**Task requirements:** Would you retype the whole listing verbatim, keeping pictures out of it?

**The records:**
Start of Block
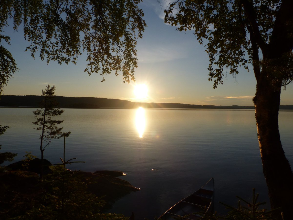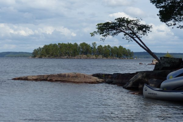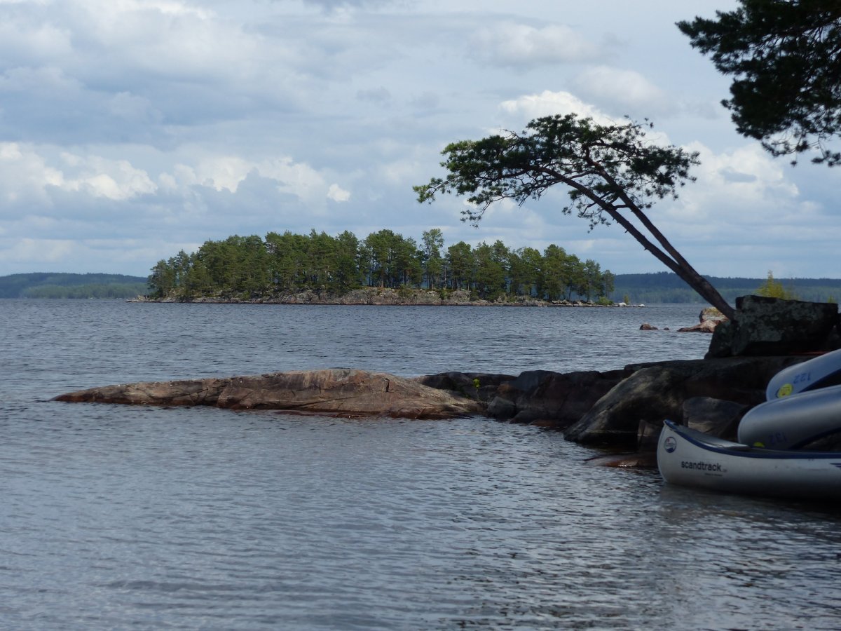 Dort angekommen mussten wir dann noch bis 12 Uhr warten bis der nächste Bus uns zum Camp in Glaskogen brachte. Dort nahmen wir unsere Ausrüstung und die Boote entgegen, packten alles zusammen und machten uns mit guten Gegenwind und Wellen auf zu unserem ersten Rastplatz 24. Hier gab es einen kleinen Flusslauf der aber nicht floss sonder überwiegend aus kleineren Pfützen bestand wodurch an diesem Platz sehr viele Mücken vorhanden waren. Nach unserer ersten Nacht in der grandiosen Natur ging es dann nach dem Frühstück weiter zum Platz 26. Natürlich wieder mit Gegenwind. An diesem Platz gab es ein kleines Haus mit Schlafmöglichkeiten für 4 Personen. Zwei aus unserer Gruppe endschieden sich im Haus zu übernachten. Am kommenden Morgen fuhren wir dann zu unserer ersten Umtragung da wir vom Övre Gla auf den Stora Gla wechseln wollten um dort zum Platz 16 zu fahren. Nach dem umtragen erwartete uns wieder viel Gegenwind und hohe Wellen weswegen wir zunächst überlegten zum Platz 7 zu fahren. Da wir dann aber die Wellen mehr seitlich bekommen hätten fuhren wir doch wie geplant Richtung 16. Laut Karte sah es so aus als könne man den Platz über einen Flusslauf erreichen. Dort angekommen mussten wir leider feststelle das dieser zugewachen und nicht befahrbar war. Deshalb endschieden wir weiter zu fahren und steuerten den Rastplatz 14 an der auf einer Anhöhe liegt. Von dort ging es dann am nächsten Tag weiter zum Platz 12. Natürlich wieder mit Gegenwind und der Freude im Herzen das wir ab dem nächsten Tag wieder zurück Richtung Basislager fahren würden und ab dann Rückenwind haben sollten. Am Platz 12 trafen wir 3 Schweden die als Wanderer unterwegs waren und die letzte Nacht dort verbracht hatten aber jetzt weiter wollten. In dieser Nacht bekamen wir den ersten Regen der eigentlich nicht schlimm gewesen wäre wenn der Wind nicht leicht gedreht hätte.
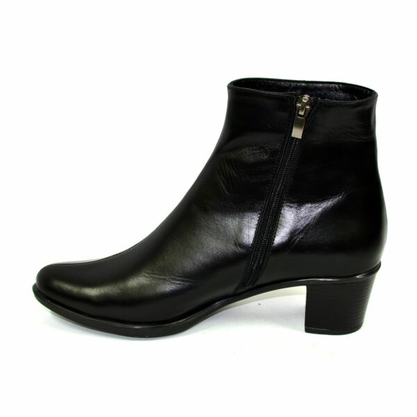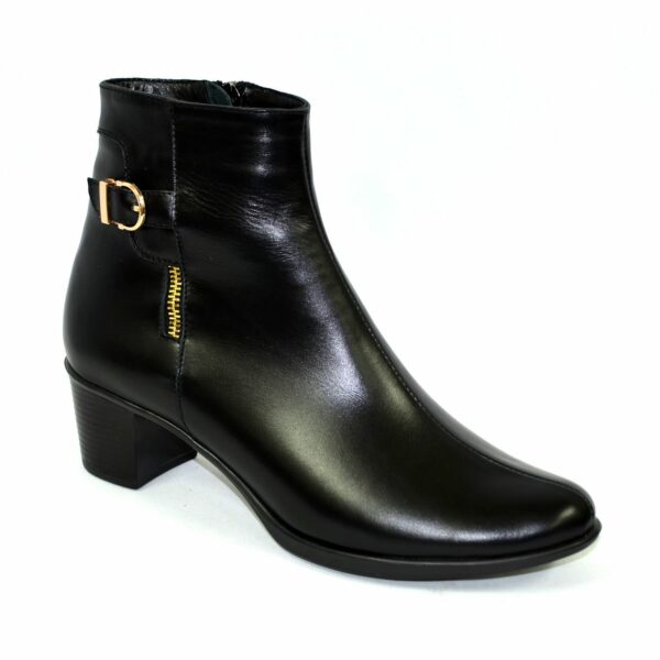 Классические женские ботинки на невысоком стойком каблуке, изготовленные из натуральной кожи черного цвета. Декорированы молнией и ремешком.
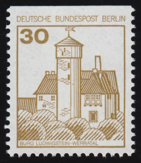 534C Châteaux et château 30 Pf Ludwigstein, nouvelle fluorescence, **
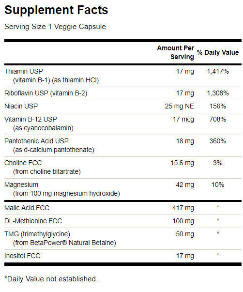 This formula actively supports neurotransmitter function. It includes malic acid, which ensures a healthy supply of oxygen to the muscles, and magnesium, which promotes muscle relaxation. The combination also includes methionine, trimethylglycine, B vitamins, and more.
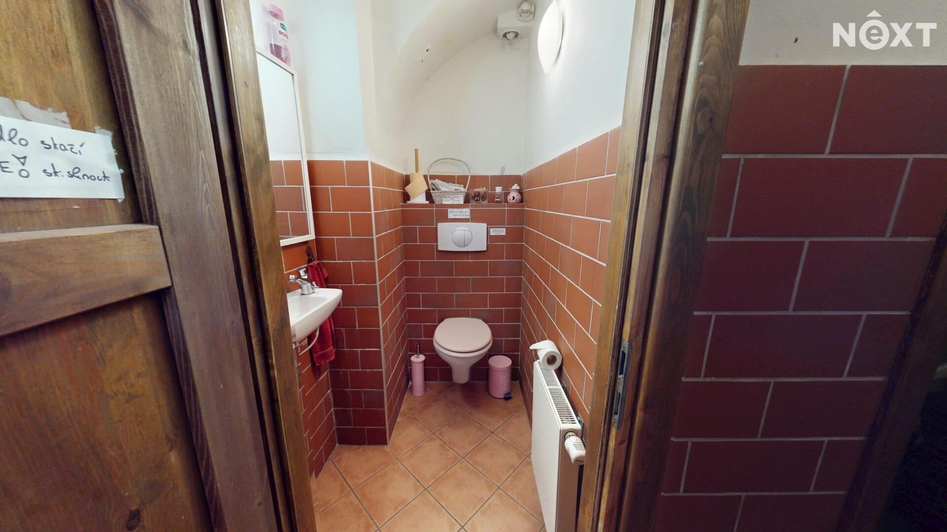 Z chodby je přímý vstup na dvůr s venkovním posezením a grilem, ideální pro sezónní provoz, akce nebo rozšíření služeb.
End of Block
**Answer section:**
 Dort angekommen mussten wir dann noch bis 12 Uhr warten bis der nächste Bus uns zum Camp in Glaskogen brachte. Dort nahmen wir unsere Ausrüstung und die Boote entgegen, packten alles zusammen und machten uns mit guten Gegenwind und Wellen auf zu unserem ersten Rastplatz 24. Hier gab es einen kleinen Flusslauf der aber nicht floss sonder überwiegend aus kleineren Pfützen bestand wodurch an diesem Platz sehr viele Mücken vorhanden waren. Nach unserer ersten Nacht in der grandiosen Natur ging es dann nach dem Frühstück weiter zum Platz 26. Natürlich wieder mit Gegenwind. An diesem Platz gab es ein kleines Haus mit Schlafmöglichkeiten für 4 Personen. Zwei aus unserer Gruppe endschieden sich im Haus zu übernachten. Am kommenden Morgen fuhren wir dann zu unserer ersten Umtragung da wir vom Övre Gla auf den Stora Gla wechseln wollten um dort zum Platz 16 zu fahren. Nach dem umtragen erwartete uns wieder viel Gegenwind und hohe Wellen weswegen wir zunächst überlegten zum Platz 7 zu fahren. Da wir dann aber die Wellen mehr seitlich bekommen hätten fuhren wir doch wie geplant Richtung 16. Laut Karte sah es so aus als könne man den Platz über einen Flusslauf erreichen. Dort angekommen mussten wir leider feststelle das dieser zugewachen und nicht befahrbar war. Deshalb endschieden wir weiter zu fahren und steuerten den Rastplatz 14 an der auf einer Anhöhe liegt. Von dort ging es dann am nächsten Tag weiter zum Platz 12. Natürlich wieder mit Gegenwind und der Freude im Herzen das wir ab dem nächsten Tag wieder zurück Richtung Basislager fahren würden und ab dann Rückenwind haben sollten. Am Platz 12 trafen wir 3 Schweden die als Wanderer unterwegs waren und die letzte Nacht dort verbracht hatten aber jetzt weiter wollten. In dieser Nacht bekamen wir den ersten Regen der eigentlich nicht schlimm gewesen wäre wenn der Wind nicht leicht gedreht hätte.
 Классические женские ботинки на невысоком стойком каблуке, изготовленные из натуральной кожи черного цвета. Декорированы молнией и ремешком.
 534C Châteaux et château 30 Pf Ludwigstein, nouvelle fluorescence, **
 This formula actively supports neurotransmitter function. It includes malic acid, which ensures a healthy supply of oxygen to the muscles, and magnesium, which promotes muscle relaxation. The combination also includes methionine, trimethylglycine, B vitamins, and more.
 Z chodby je přímý vstup na dvůr s venkovním posezením a grilem, ideální pro sezónní provoz, akce nebo rozšíření služeb.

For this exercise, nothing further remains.